Friday, August 26, 2016
Music Festivals: Newport Folk Festival 2012-Dawes
Dawes: A Little Bit of Everything (Live from Newport 2012)
[purchase the album that this song is on]
I have written about the trip that my wife and I took to the Newport Folk Festival back in 2012 a few times. It was our first time there, and it was a great experience, despite the fact that we got rained on both days. At a festival often identified with Bob Dylan, it was fitting that a hard rain did fall, and we unsuccessfully sought shelter from the storm, as we waited for our ship to come in and take us back to our hotel.
But I haven’t written about the moment at the festival that I remember most strongly. It was not a pleasant moment, and I’m willing to bet that my wife will be surprised when she reads this.
I’ve been a lawyer for a long time, and for a while before our Newport trip, I had not been happy at my job. Despite that, I stuck through it, because the pay wasn’t bad, and I had settled into somewhat of a rut—sort of like the one that Nick Lowe wrote about in “Rocky Road” (“The rut I was in had once been a groove”).
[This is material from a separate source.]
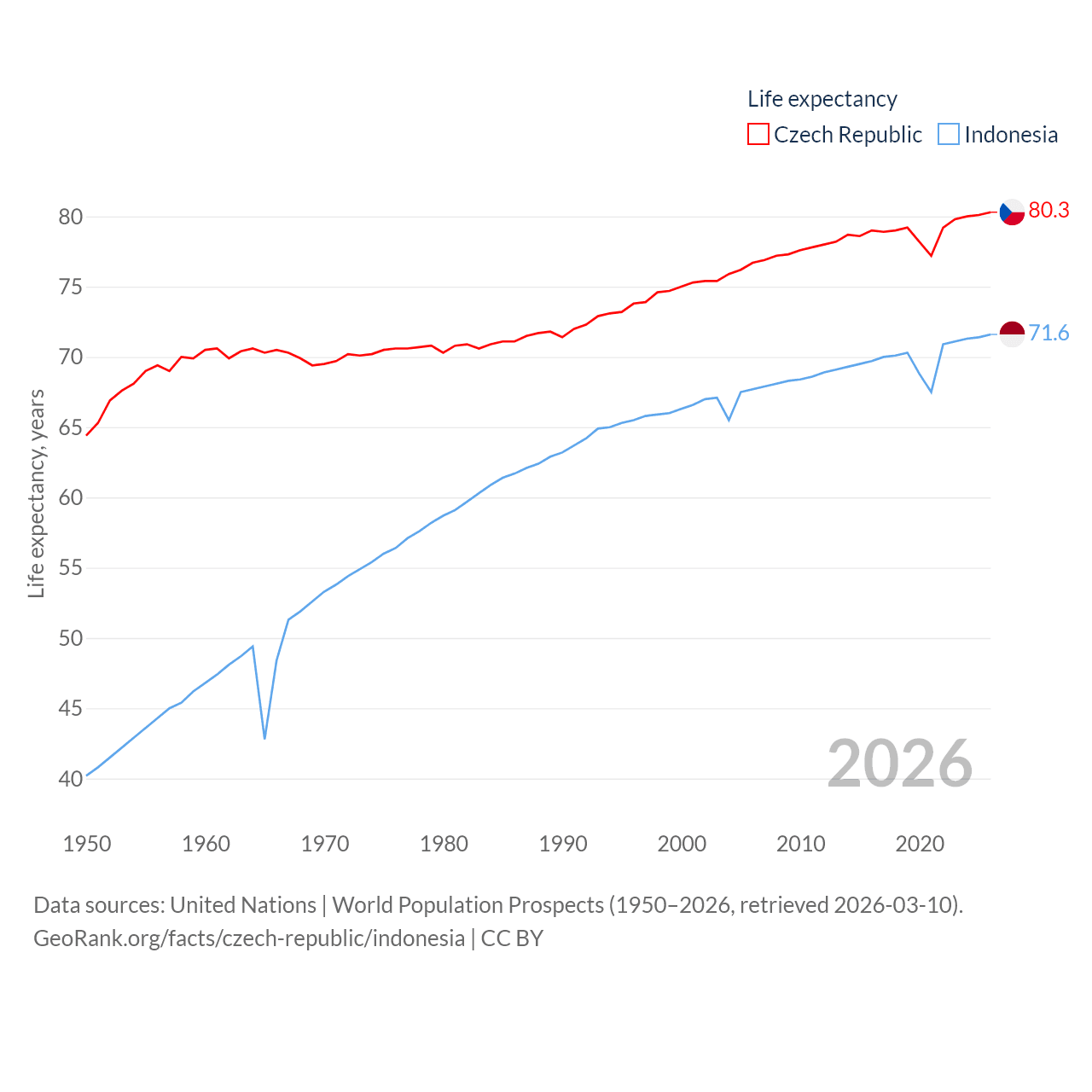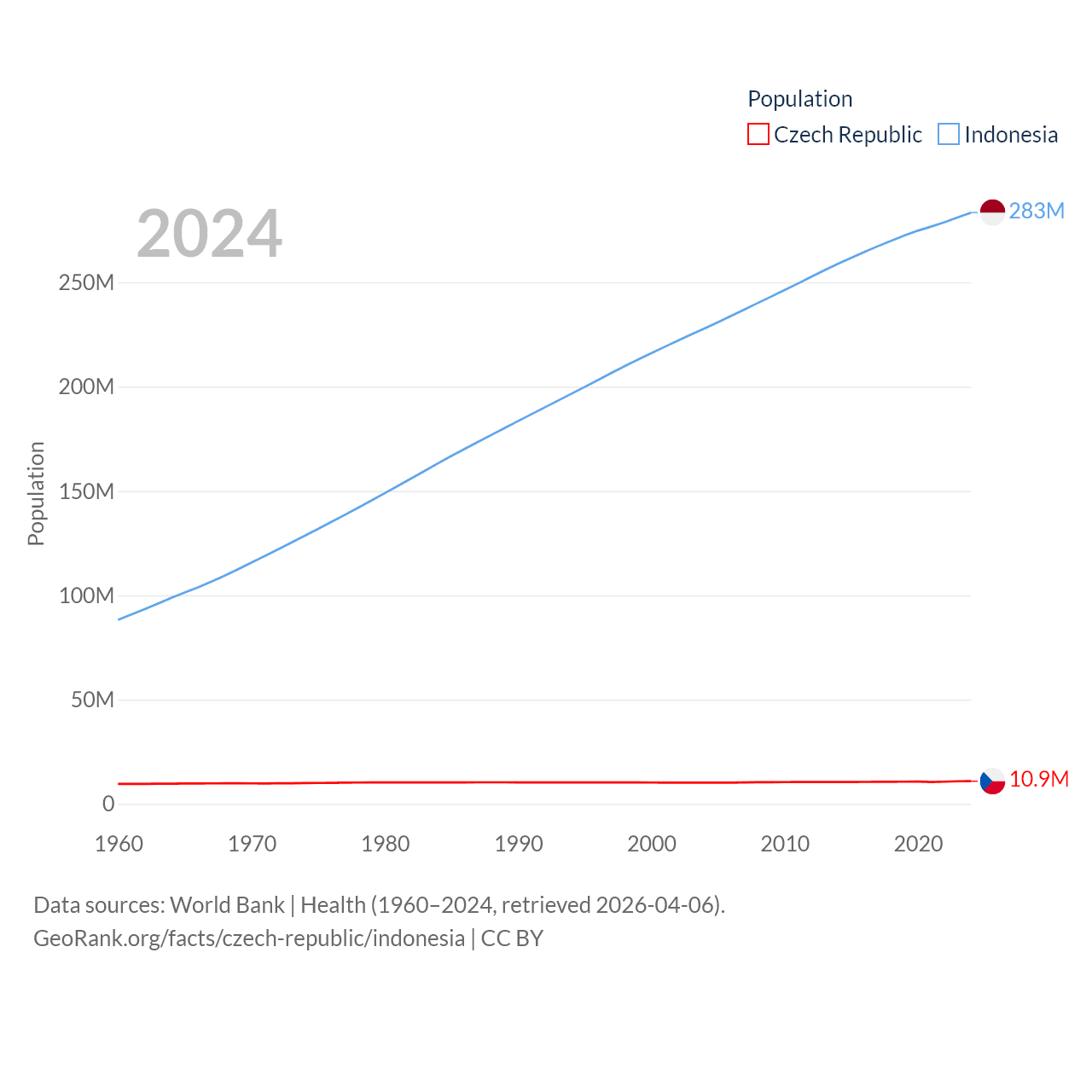 The Czech Republic has a population of 10.9M (ranked 88/197), compared with 283M in Indonesia (ranked 4/197). The Czech Republic's land area is 29,794 sq mi versus 730,720 sq mi for Indonesia (ranked 114th vs. 14th).

By the time we went to Newport, the end was in sight, and I was looking for a new gig. I actually spent a good portion of my post-festival Newport vacation reviewing deposition transcripts using the Panera Bread’s free wi-fi (which was better than the hotel’s) for a summary judgment motion to try to stay in the senior partner’s good graces, to keep the paychecks coming in. I did a good job, I think, and I ended up creating a 45 page statement of undisputed facts from my Newport work. We lost the motion, and the trial (which I helped prepare for, but which took place as I was basically out the door.) So, as we were enjoying our time in Newport, I was very uneasy, because I didn’t know how long I would be staying at the firm, and had no alternatives, other than the risk of starting my own law practice.
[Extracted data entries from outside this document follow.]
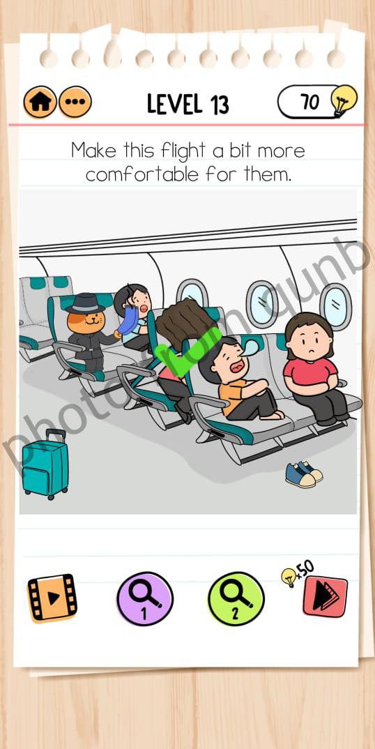Brain Test 2: Tricky Stories is a brain teaser mobile game app – second part of most popular game in the word Brain Test: Tricky Puzzles. Brain Test 2 has different packs and we are sharing solutions. Here you can see photo and below photo short explanation how we solved Level 13 Make this flight a bit more comfortable for them Tom’s Adventure Brain Test 2: Tricky Stories. If you have more questions please comment this page and we will try help you.
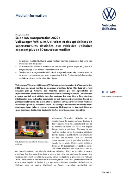 Volkswagen Véhicules Utilitaires (VWCV) sera présent au salon IAA Transportation 2022 avec un grand nombre de nouveaux modèles. Outre l’ID. Buzz et le tout nouveau pick-up Amarok, des modèles conçus par des spécialistes de superstructures destinées aux véhicules utilitaires seront présentés. Ces véhicules à usage spécial sont utilisés dans les secteurs les plus divers.
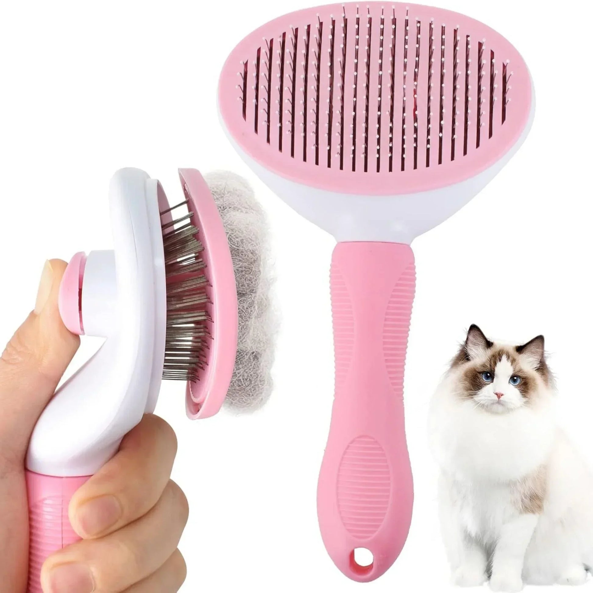 מברשת מסרק לחתולים וכלבים עם לחצן ניקוי עצמי ורוד

One of the bands that I was excited to see at the festival was Dawes, a band that seems to have recently evolved into essentially the Newport Festival house band—supporting other musicians who don’t always travel with backup musicians, and often having other performers sit in with them. In fact, that is one big way that Newport differs from the other festival that we have gone to (and which I have written about), the hopefully-returning-in-2017 Clearwater Great Hudson River Revival. Although it does happen at Clearwater (seeing Jason Isbell and Patterson Hood sit in during each other’s solo set was a highlight, and there are other examples), it seems like more of a regular thing at Newport for people to play with each other. This adds a feeling of camaraderie and friendship to the music, and you get to hear interesting, often unique, combinations (like this great version of The Band’s “It Makes No Difference” by My Morning Jacket, with Brittany Howard of Alabama Shakes, from the 2012 festival, that I missed waiting for a ferry to get us out of the rain).
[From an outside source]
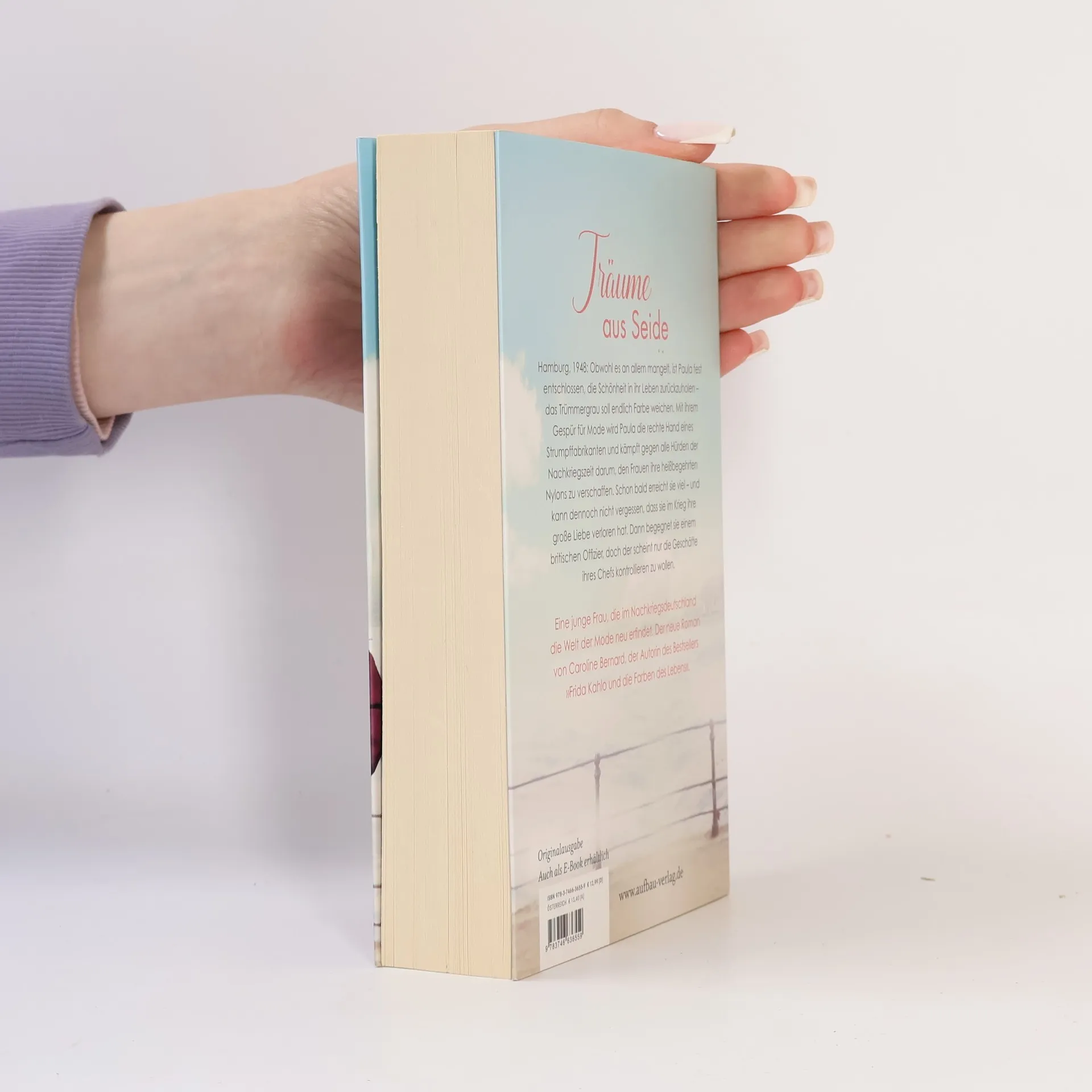 Träume aus Seide. Hamburg, 1948: Obwohl es an allem mangelt, ist Paula fest entschlossen, die Schönheit in ihr Leben zurückzuholen – das Trümmergrau soll endlich Farbe weichen. Mit ihrem Gespür für Mode wird Paula die rechte Hand eines Strumpffabrikanten und kämpft gegen alle Hürden der Nachkriegszeit darum, den Frauen ihre heißbegehrten Nylons zu verschaffen. Schon bald erreicht sie viel – und kann dennoch nicht vergessen, dass sie im Krieg ihre große Liebe verloren hat. Dann begegnet sie einem britischen Offizier, doch der scheint nur die Geschäfte ihres Chefs kontrollieren zu wollen. Eine junge Frau, die im Nachkriegsdeutschland die Welt der Mode neu erfindet. Der neue Roman von der Autorin des Nummer-1-Bestsellers „Frida Kahlo und die Farben des Lebens“

Dawes’ sound is often compared to the Laurel Canyon sound of the 1970s—CSNY, Joni Mitchell, The Byrds, etc., with a bit of Band thrown it. And I also have to believe that they also were influenced by the Uncle Tupelo/Wilco/Son Volt/Jayhawks alt-country sound and artists like Ryan Adams. In keeping with their debt to the great confessional singer-songwriters, their lyrics often plumb emotional topics, which is certainly true about one of my favorite Dawes songs, “A Little Bit of Everything.” The song has three vignettes: the first, focusing on a man planning to jump from a bridge, not for any one reason, but for an accumulation of things, the second about an older man in a buffet line, musing over his life’s disappointments while deciding what to eat, and the third features a woman writing invitations to her wedding, and explaining to her fiancé why she was working so apparently humorlessly on the wedding planning. As the song’s writer, Taylor Goldsmith, explained in an interview, “each verse would provide the phrase with new meaning. In the first verse, it’s used to describe why life’s unlivable, in the second, what it takes to forget, and finally, what matters most about love.”
So, I’m sitting there, watching Dawes, getting toward the end of a great first Newport day, very much enjoying their set, when they launch into “A Little Bit of Everything,” in the version you can hear above. And the next thing I know, tears are streaming down my face. Was I identifying with the suicidal guy who was feeling overwhelmed? With the old guy at the buffet thinking about “when his bright future had left him”? Or the woman who reassured her fiancé about the power of finding the person you truly love? Clearly, it was a little bit of everything, but it affected me so profoundly.
I recovered, though, both at the festival, where we went on to see Amy Helm, Patty Griffin and the beginning of My Morning Jacket before we evacuated, but also professionally. I played out the string at my old job, and in March of 2013, I opened up my own practice. It hasn’t been easy, and there have been struggles, but I’ve learned an enormous amount and have never enjoyed being a lawyer as much.
That all being said, I still get emotional when I hear this song, which, I guess, shows that Mr. Goldsmith knows what he is doing.